Summer Alexander, market research consultant and CEO of Summer Alexander Research saw her life come to a standstill when she found out 16 years ago that she was pregnant. “When I found out I was pregnant at 17, I was completely shocked, terrified and extremely disappointed with myself. I thought I had ruined my life,” Alexander told BlackEnterprise.com. “While my peers were planning for prom and graduation, I was praying next to an incubator that was housing my tiny [premature] daughter,” Alexander continues. After having her baby, Alexander found that she had to drop out of high school to take care of her child, but her life did not spiral downwards after the birth of her daughter.

Instead, Alexander earned her GED, graduated from college, and became a successful entrepreneur. “Those first couple of years were filled with struggle,” the now-married mother of three tells BlackEnterprise.com.

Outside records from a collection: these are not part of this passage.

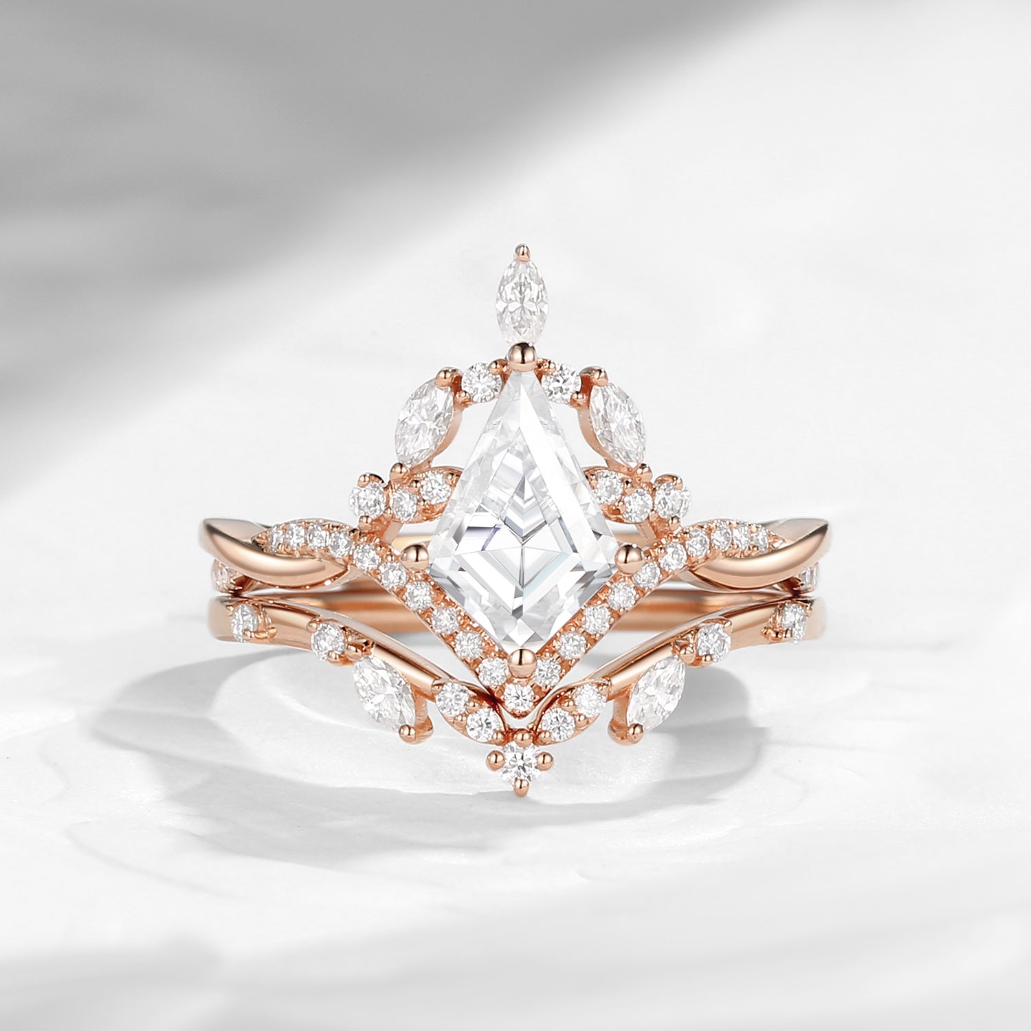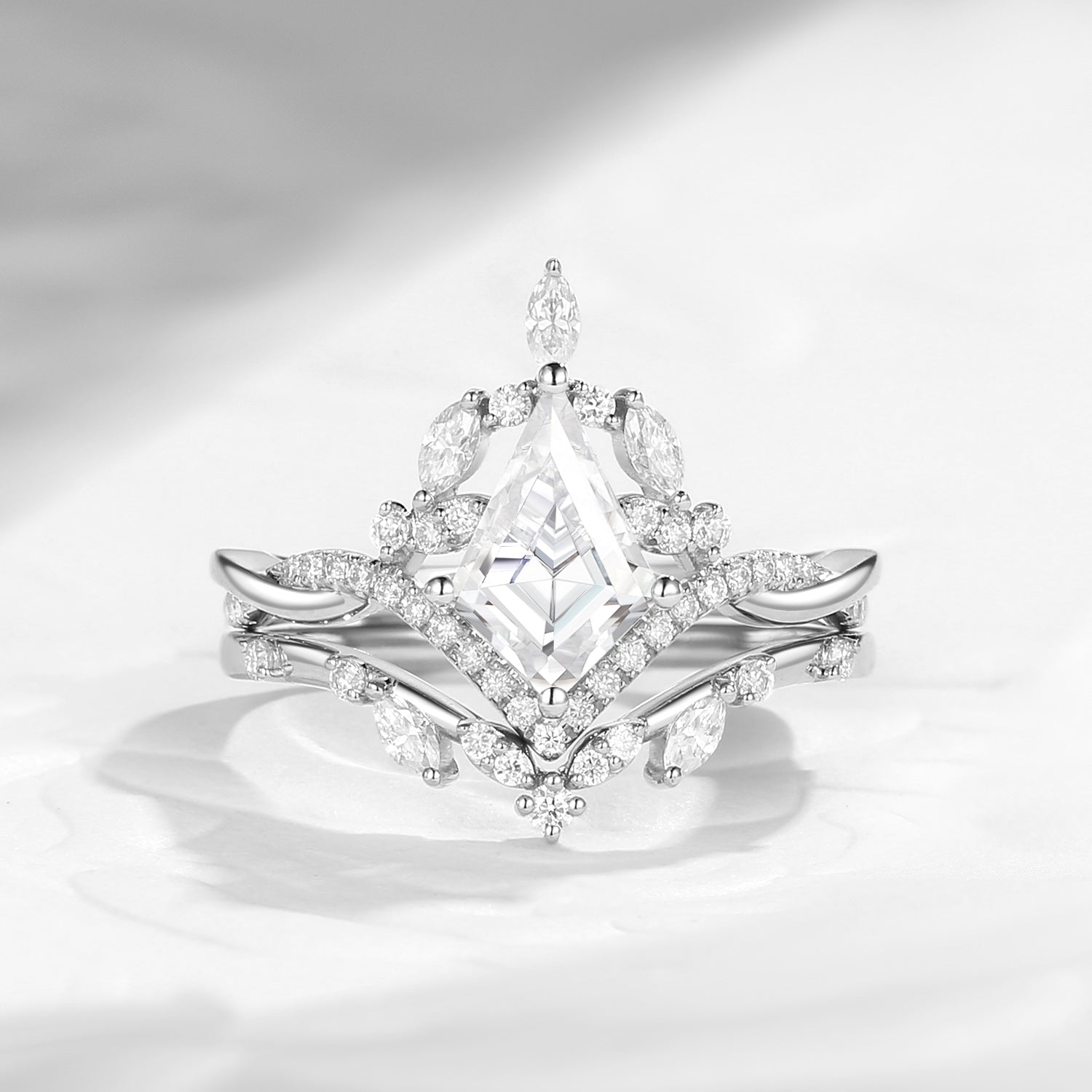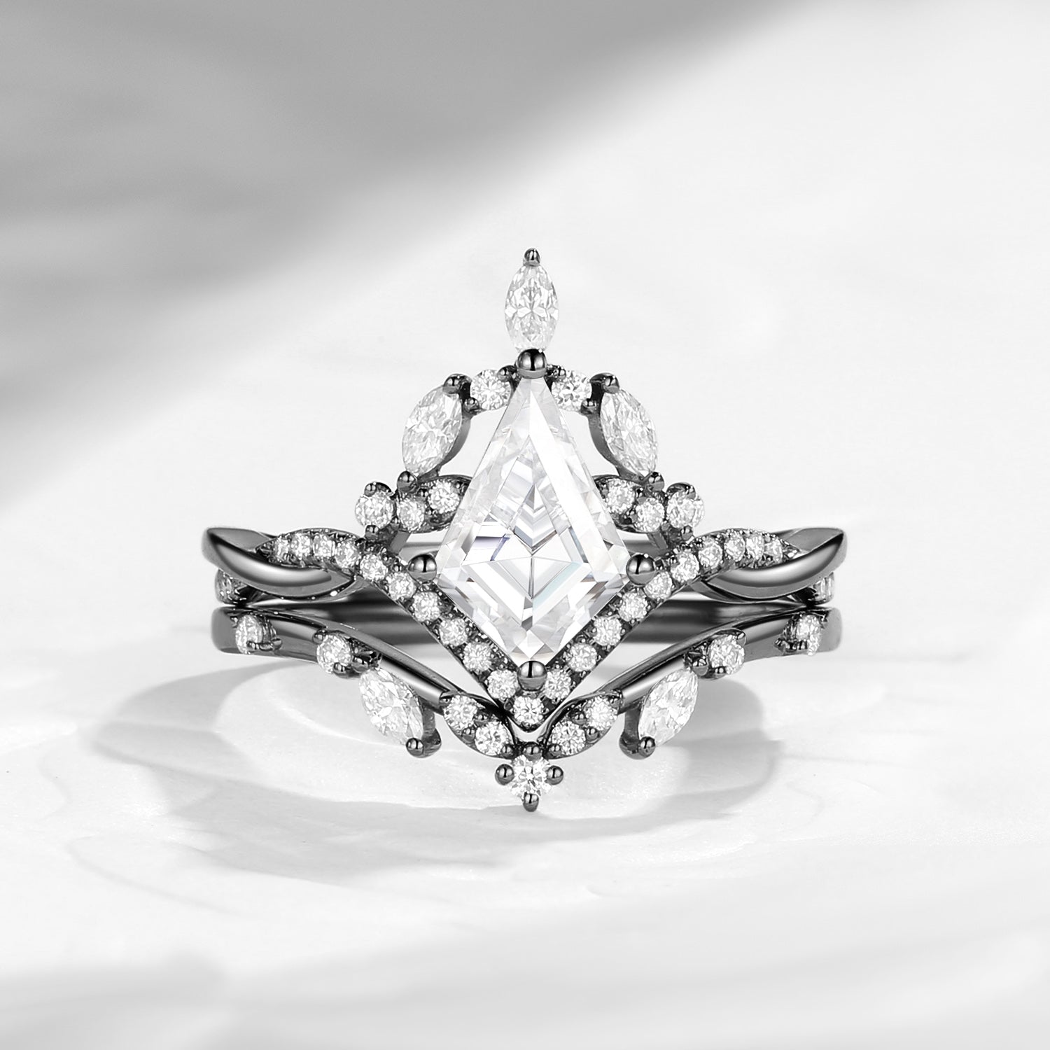 At its center rests a stunning kite-cut moissanite, defined by clean geometry and radiant brilliance. Its elongated facets catch the light from every angle, creating a captivating play of sparkle, while surrounding marquise and round accent stones add layers of depth, balance, and visual harmony.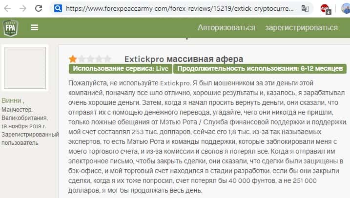 - Мошенники из компании ExTickPro развели британского трейдера на крупную сумму денег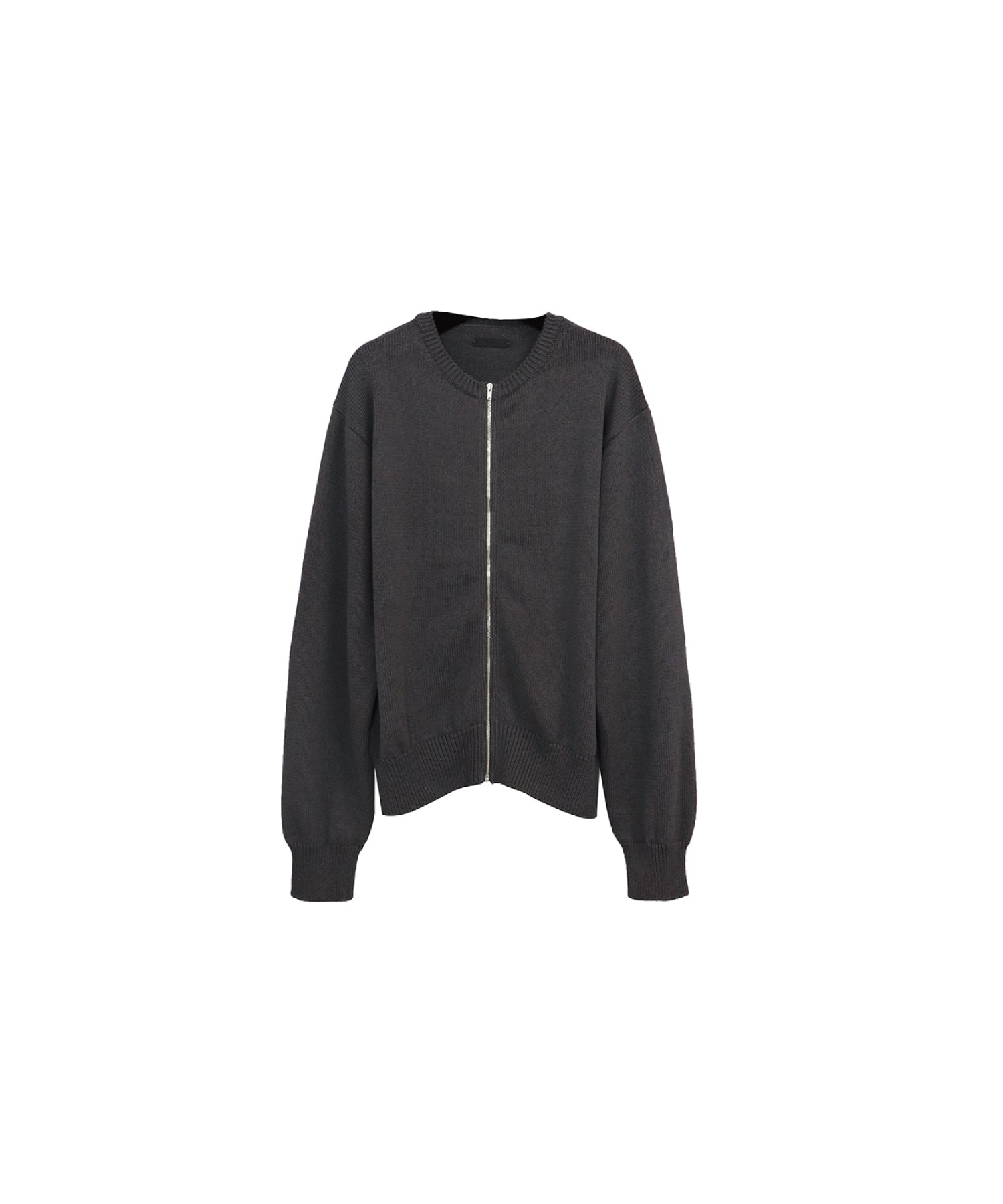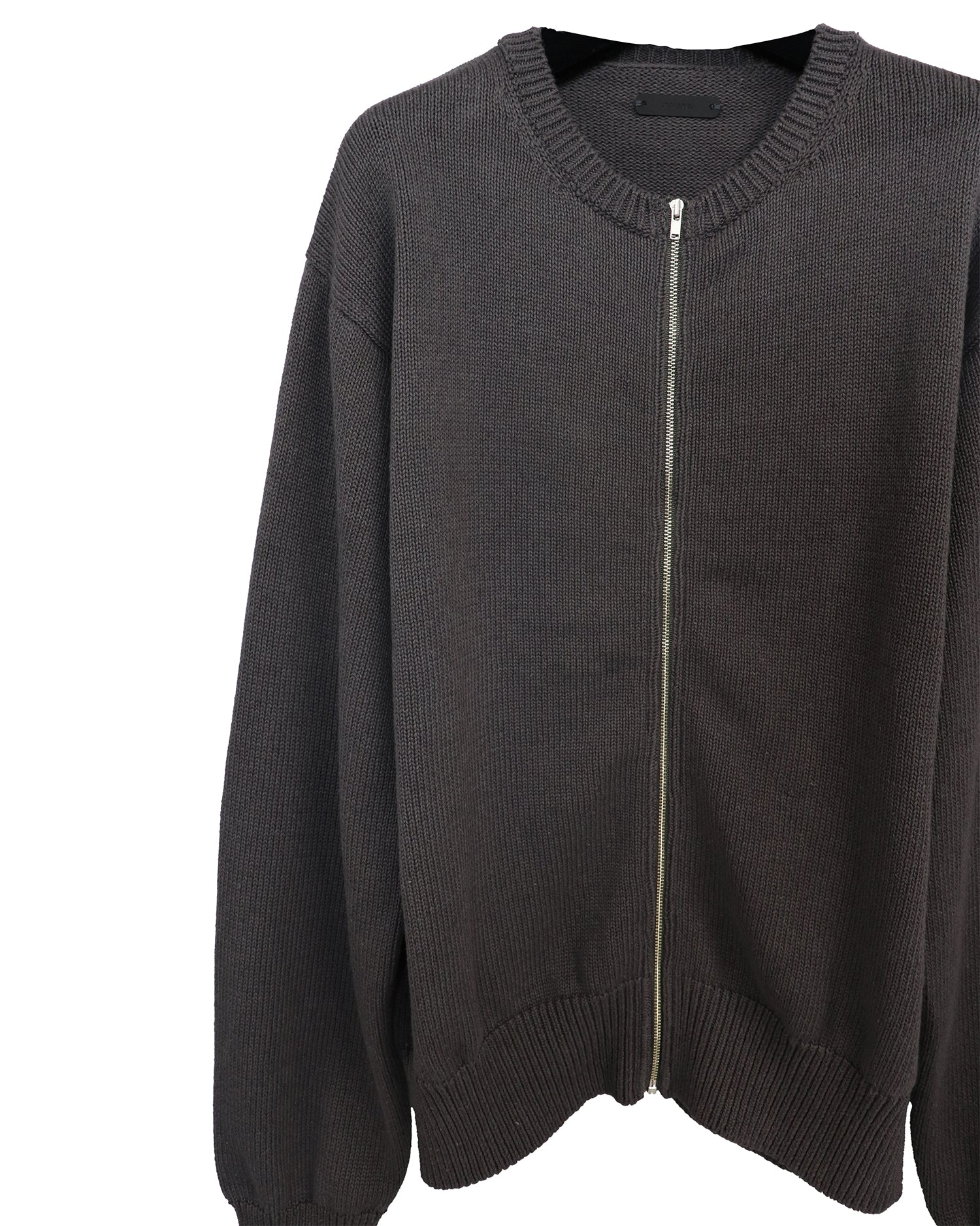 【LIMITED】COTTON LINEN CREW NECK KNIT ZIP CARDIGAN/ GRAY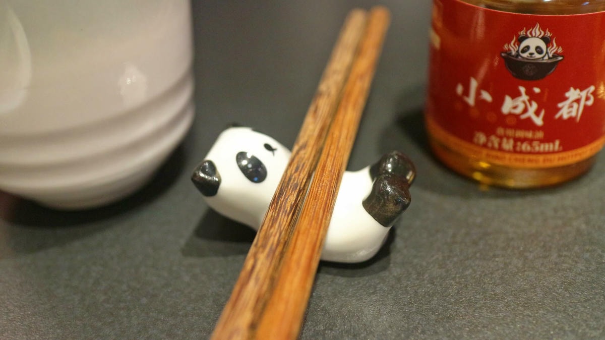 餐桌上筷架是非常可愛的小熊貓 , 看了好療癒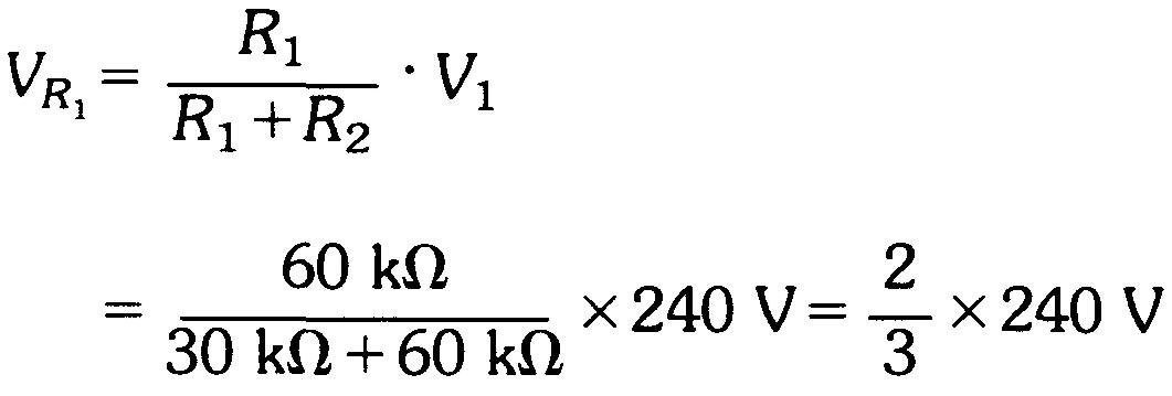 De même, dans le cas du diviseur de tension formé des deux résistances R1 de 6Ω et R2 de 4Ω, la tension inférieure VR2 est les 4/10 de 30V, soit 12V.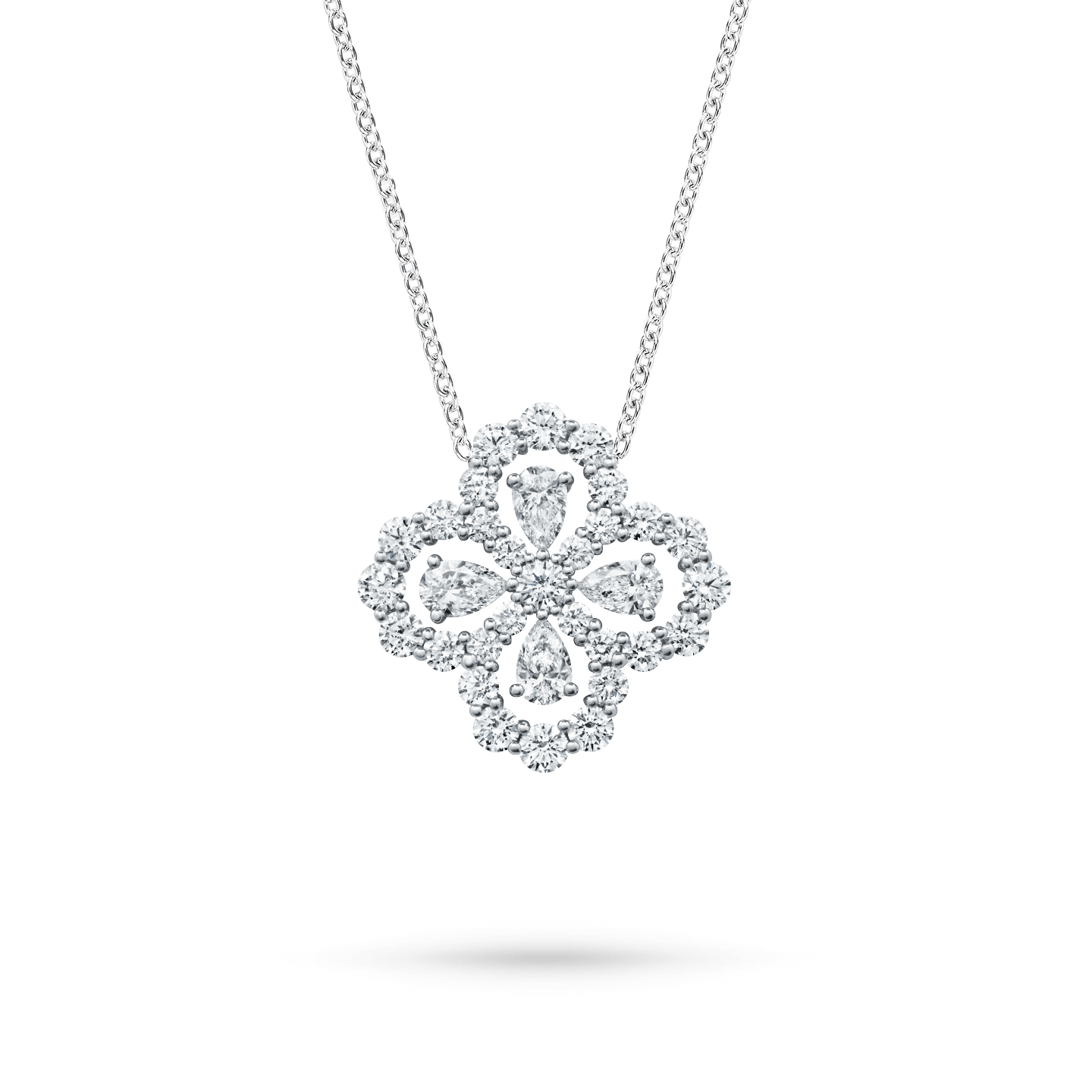 4顆水滴型切工鑽石及29顆圓形明亮式切工鑽石悉心鑲嵌於鉑金底座,鑽石總重約1.89克拉。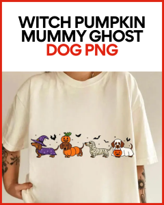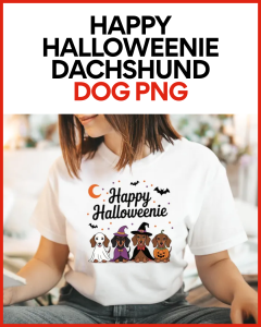 This digital Halloween-themed PNG features a dachshund dog dressed in spooky costumes like a witch, pumpkin, mummy, and ghost. It’s affordable, around $2, and can be used for personal projects, crafts, or printing. The unique combination of the dachshund dog breed with classic Halloween motifs adds a unique charm to the design. The PNG can be printed on t-shirts, hoodies, tote bags, or iron-on transfer paper, turning a simple outfit into a festive statement piece.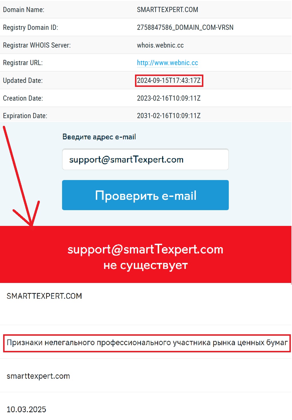 Теперь самое интересное. Проверка показала, что проекту всего чуть меньше шести месяцев — запущен он 15 сентября 2024 года. Для брокерской компании — это вообще не срок. Если вдруг у вас возникнут проблемы — дозвониться до них или получить ответ на письмо не получится. Контактная информация — липовая. Указанная почта support@smartTexpert.com просто не работает. Так что поддержки тут нет и не будет.

To other mothers out there who find themselves raising children at a young age Alexander offers this piece of advice:  “Your children need you to pursue your dreams. It will be very important to forge ahead with your life’s plans because the desire to do so is never going to go away and if you don’t, you run the risk of pushing your dreams on your children or worse diminishing their dreams because you never pursued yours.”

Jennifer K. Davis, 28-year-old single mother, typist and founder of the P.I.N.K. Foundation, fills every day from 7:40 in the morning to 9:30 at night with business meetings and time with her family. “If business was on the weekend, I brought my children along. I’d tell everyone, up front, that I’m a single mother trying to make this happen, so from time to time I might bring my child with me…. Most of the people I came in contact with were very supportive, very empathetic and understood and loved my passion,” Davis tells BlackEnterprise.com. Davis encourages women who are trying to balance motherhood and a career to go with their gut and to implement an adequate support system for themselves.  “Listening to your instinct is key and will make you ultimately happy. Also, it’s important to find your support system. So many times we think our support system is our family, but most of my support comes from friends, business associates and people I’ve met along the way.”